- Born: April 8, 1892 St. Joseph, Missouri, US
- Died: April 1, 1949 (aged 56) Toledo, Ohio, US
- Occupation: Actress
- Years active: 1913 to 1916

= Leona Hutton =

American actress

Leona Hutton (April 8, 1892 - April 1, 1949) was an American actress. Between 1913 and 1916, she appeared in 48 silent era films.

==Career==
Hutton's motion picture debut was in The Crimson Stain (1913), a three-reel drama short, opposite Frank Borzage and Edward Coxen. It was directed by Jay Hunt for the Mutual Film Company. She also acted in films made by Broncho, Domino, Kay Bee, David Horsley, and New York Motion Picture Corporation studios.

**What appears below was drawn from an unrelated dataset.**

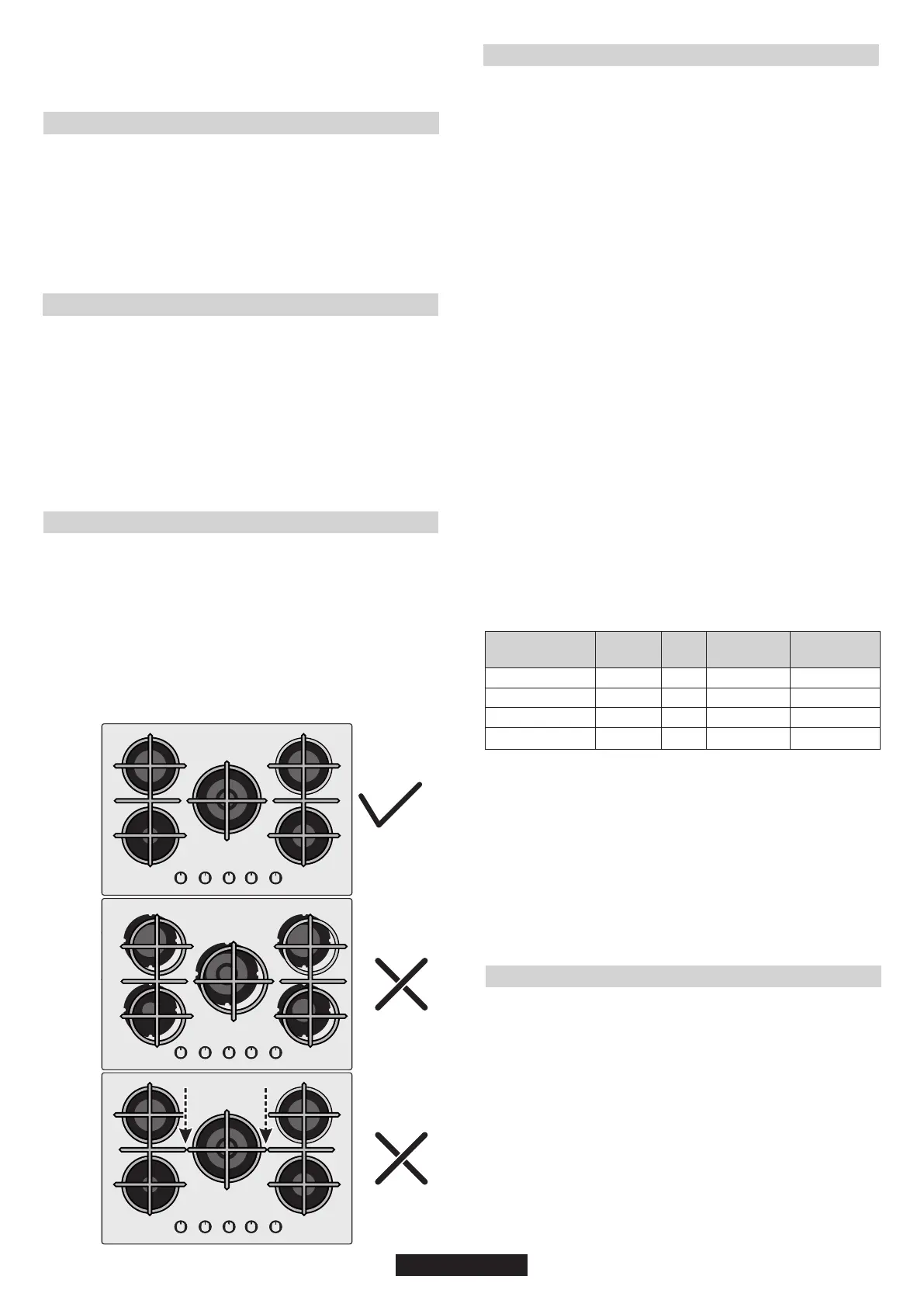 Vor der Verwendung der Kochstellen müssen Sie darauf achten, dass

Her final role was as Beth Taylor in The Man Who Would Not Die (1916), a feature length drama starring Russell, who also directed with Jack Prescott at Flying "A" Studios, Santa Barbara, California.

==Wartime service==
During World War I, Hutton served overseas with the American and French Red Cross.

==Death==
Hutton, also known as Mrs. Mary Epstein, committed suicide in 1949, by an overdose of codeine. She died in an iron lung in Maumee Hospital in Toledo, Ohio, eighteen hours after she was discovered by her husband. She had been confined to her home for ten weeks because of a leg fracture. Coroner Paul Hohly returned a suicide verdict. Hutton was one week shy of her 57th birthday.